Substituting the score p0 when odds is θ _0, the score p0+ PDO when odds is 2 θ _0 into the score formula;

the final score determination is shown in the following table:

in the model, the potential score of the enterprise in the year is obtained by the formula, wherein the benchmark score is 50 scores, and the score of the double rate (PDO) is 5 scores. Through the process, the scores of all enterprises in the industry of travel are calculated, and the construction of an industry credit development trend analysis model is completed.

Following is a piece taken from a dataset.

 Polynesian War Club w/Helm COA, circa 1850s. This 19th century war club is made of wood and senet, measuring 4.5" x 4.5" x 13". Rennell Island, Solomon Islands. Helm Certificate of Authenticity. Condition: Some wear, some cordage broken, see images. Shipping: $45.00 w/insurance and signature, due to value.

Although embodiments of the present invention have been shown and described, it will be appreciated by those skilled in the art that changes, modifications, substitutions and alterations can be made in these embodiments without departing from the principles and spirit of the invention, the scope of which is defined in the appended claims and their equivalents.

Claims

1. An enterprise credit scoring model generation algorithm based on credit big data labels is characterized in that: the method comprises the following steps:

3. processing the enterprise label matrix by using the (k, epsilon) -core set;

5. taking the IV value as a single variable screening standard;

6. fitting the screened variables to a logistic regression model;

2. The enterprise credit scoring model generation algorithm based on credit big data labels as claimed in claim 1, wherein: in the step 1, original data of the enterprise is labeled through the original data of the enterprise obtained from the public information credit platform based on a label classification and quantitative analysis method of credit big data, and an enterprise label matrix is constructed.

3. The enterprise credit scoring model generation algorithm based on credit big data labels as claimed in claim 1, wherein: in the step 2, different identity tags are screened according to different analysis scenes, and different enterprise scene tag databases are constructed.

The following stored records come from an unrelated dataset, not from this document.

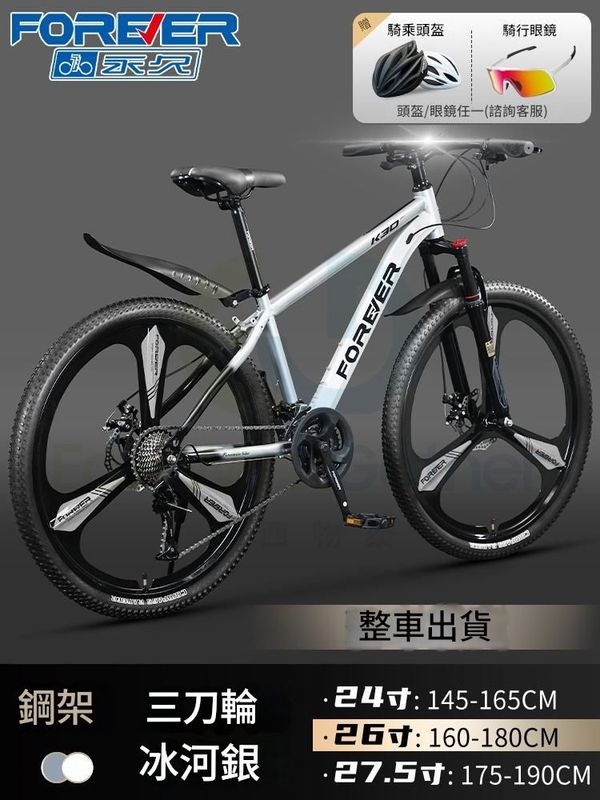東西物聚-單車 24英寸 21速 鋼架三刀輪-冰河銀[整車裝好發貨] 包安裝送貨-自行車 成人腳踏車 山地車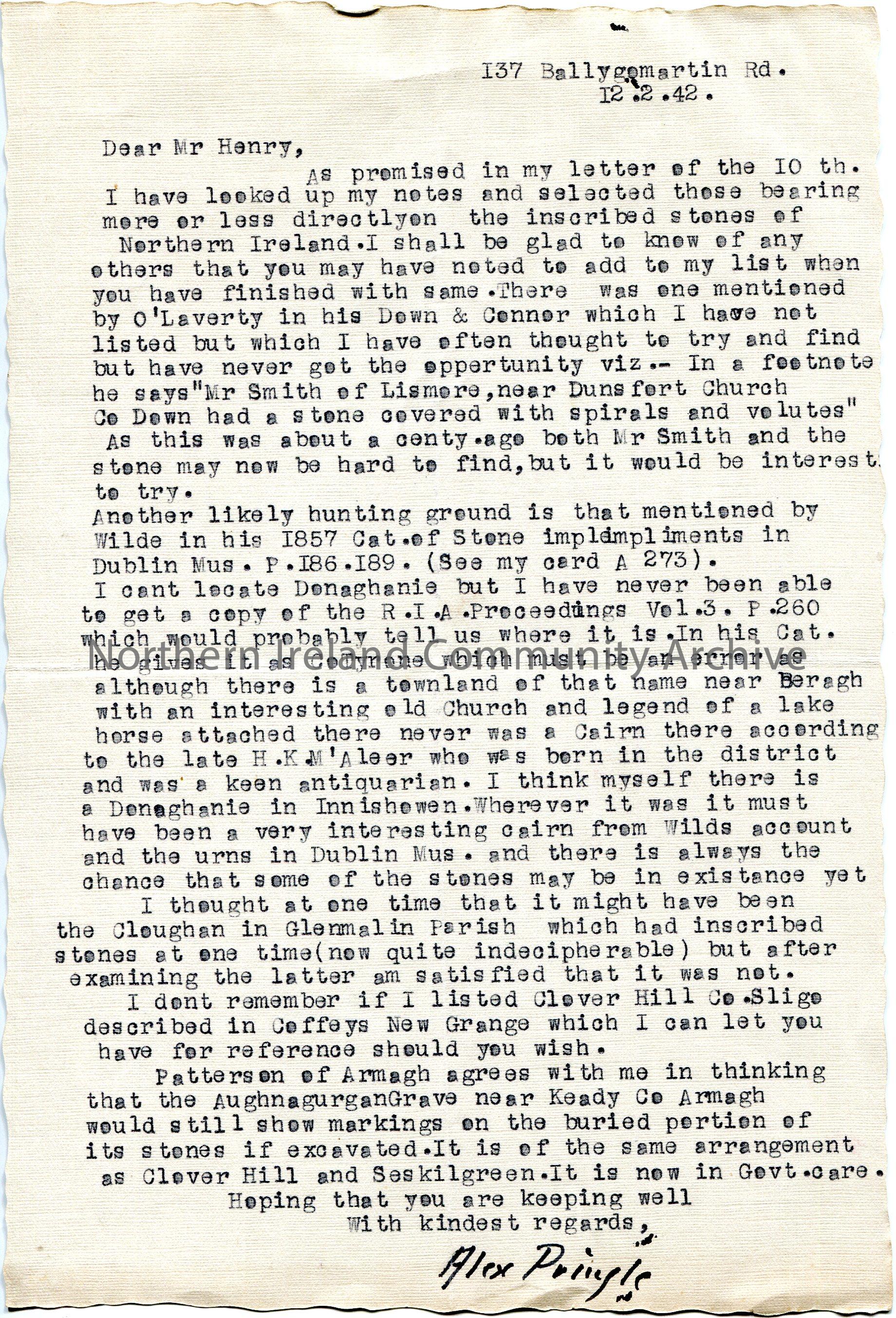 Typed letter to Sam Henry. Writing in response to queries from Sam re spiral and cup markings on stone. Had looked up a list of inscribed stones in Northern Ireland for Sam. Mentions a stone covered in spirals and volutes at Lismere, Dunsfort Church, Co Down; urns in Dublin Museum; Clover Hill Co. Sligo and Aughnagurgan Grave, Keady, Co Armagh.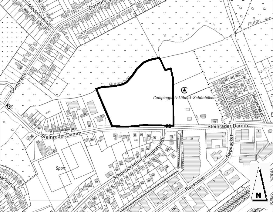 Das Plangebiet des Bebauungsplans 23.27.00 – Steinrader Damm 14 bis 34 – liegt im Stadtteil St. Lorenz Nord, Ortsteil Schönböcken, zwischen dem Steinrader Damm und dem Flutgraben, westlich des dortigen Campingplatzes.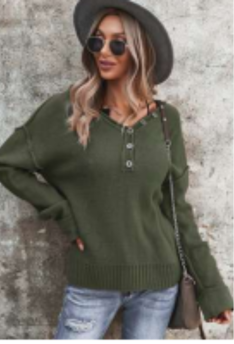 V-Neck Button Front Knit

4. The enterprise credit scoring model generation algorithm based on credit big data labels as claimed in claim 1, wherein: and 3, the (k, epsilon) -kernel set based algorithm is used for compressing the sparse matrix and reducing the complexity of the operation space and the time complexity.

5. The enterprise credit scoring model generation algorithm based on credit big data labels as claimed in claim 1, wherein: the step 4 of constructing the random forest comprises the following steps:

6. The enterprise credit scoring model generation algorithm based on credit big data labels as claimed in claim 1, wherein: in the step 5, the data index generated in the step 3 is evaluated according to the WOE value and the IV value;

1) WOE value calculation formula:

pgood is the occupancy of the good sample under the value of the label;

2) IV value calculation formula:

wherein N is the number of the labels with the value capable.

7. The enterprise credit scoring model generation algorithm based on credit big data labels as claimed in claim 1, wherein: and 6, fitting a logistic regression model according to the variables obtained after the screening, calculating the weight of each dimension, and combining the WOE value and the regression coefficient of each dimension to obtain the credit score of the enterprise by combining the scoring card model mentioned in the step 7.